- India buyers favour domestic alternatives over imports
- Turkiye deep-sea scrap prices face downward pressure
South Asian imported ferrous scrap markets remained subdued during the week ended 17 June 2026, as weak steel demand, poor import viability, and cautious mill procurement limited buying activity. Meanwhile, Turkiye’s deep-sea scrap market remained under pressure amid softer deal levels and persistent downward price sentiment.
India: Imported ferrous scrap market remained subdued, with poor import viability and cheaper sponge iron and DRI continuing to limit buying interest. A market participants reported, “No import deals over the past two months, reflecting weak demand for imported material.”
Although a 500 t cargo of Brazil-origin HMS 80:20 hand-loaded material was reported at $360/t CFR West Coast, buying interest remained limited as imported scrap continued to struggle against cheaper domestic feedstock. HMS 80:20 offers were heard at $345-355/t CFR Nhava Sheva against bids of $330-340/t CFR, while shredded scrap offers at around $395/t CFR remained well above buyer indications of $370-375/t CFR.
Pakistan: Imported shredded scrap sentiment softened further, with buyers adopting a wait-and-watch approach amid expectations of lower prices following recent geopolitical developments. UK-origin shredded scrap offers were heard at $415-418/t CFR Qasim against bids of $400-405/t, while market participants indicated a workable level around $410/t CFR.
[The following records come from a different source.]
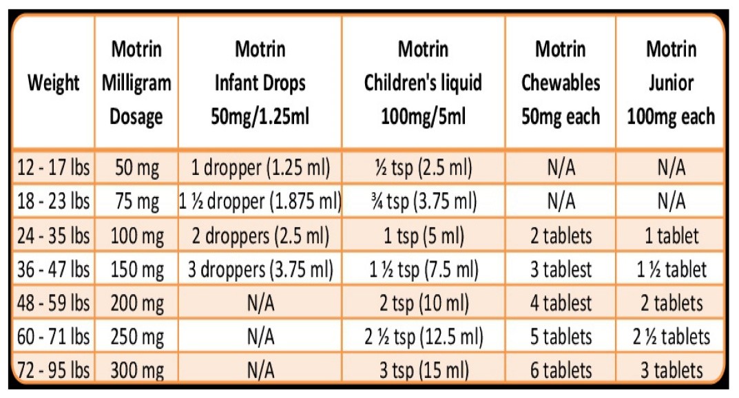 Ibuprofen (Motrin/Advil) Dosing Chart
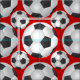 This sports themed design features a pattern of graphic illustrations of a soccer ball also known internationally as a football.
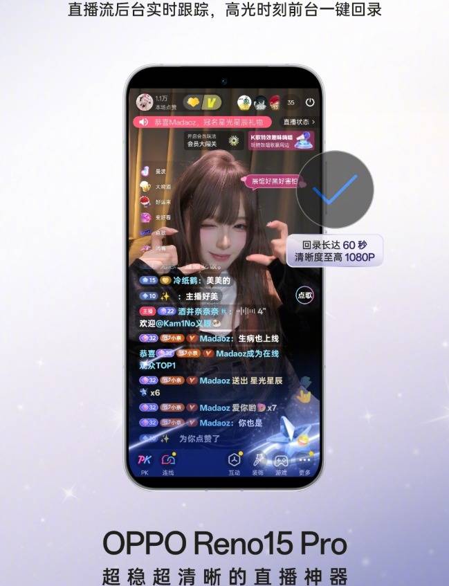 如果你对稳定开播、户外Vlog或直播创作有需求,Reno15 Pro的优势会更明显。它在收音、稳定性、长续航直播等体验上做了针对性增强:原生三麦克风阵列搭配OPPO自研降噪算法,即使在人声嘈杂的街头也能保持人声清晰;后置OIS升级闭环马达,运动拍摄更稳定;同时加入“AI直播高光切片”等创作者工具,并配备大容量电池与旁路供电,让长时间直播更轻松可控。

Bangladesh: The imported scrap market remained quiet, with buyers staying cautious amid weak steel demand and rising electricity costs. Buyers targeted around $400/t CFR and largely adopted a wait-and-watch approach, expecting a potential market correction. UK-origin shredded scrap offers were heard at $407-410/t CFR, while HMS 80:20 was available at around $380/t CFR.
Reported transactions included Philippines-origin GI bundles at $340/t CFR Chattogram, Brazil-origin HMS 80:20 at $370/t CFR, and Australia/New Zealand-origin HMS 90:10 at $387/t CFR Chattogram.

Turkiye: Deep-sea imported scrap market remained soft, with downward pressure persisting amid weak Turkish buying interest and improving competitiveness of Black Sea-origin cargoes. A deal for Europe-origin HMS 80:20 to Turkiye was reportedly concluded at $387/t CFR, indicating lower workable levels in the market. A market participant noted that “UK and Western European exporters remained under pressure to secure sales, with indicative levels heard around $380-383/t CFR. Meanwhile, US-origin HMS 80:20 continued to face resistance below $400/t CFR, as Turkish bids remained in the low $390s while suppliers held firm on offers.”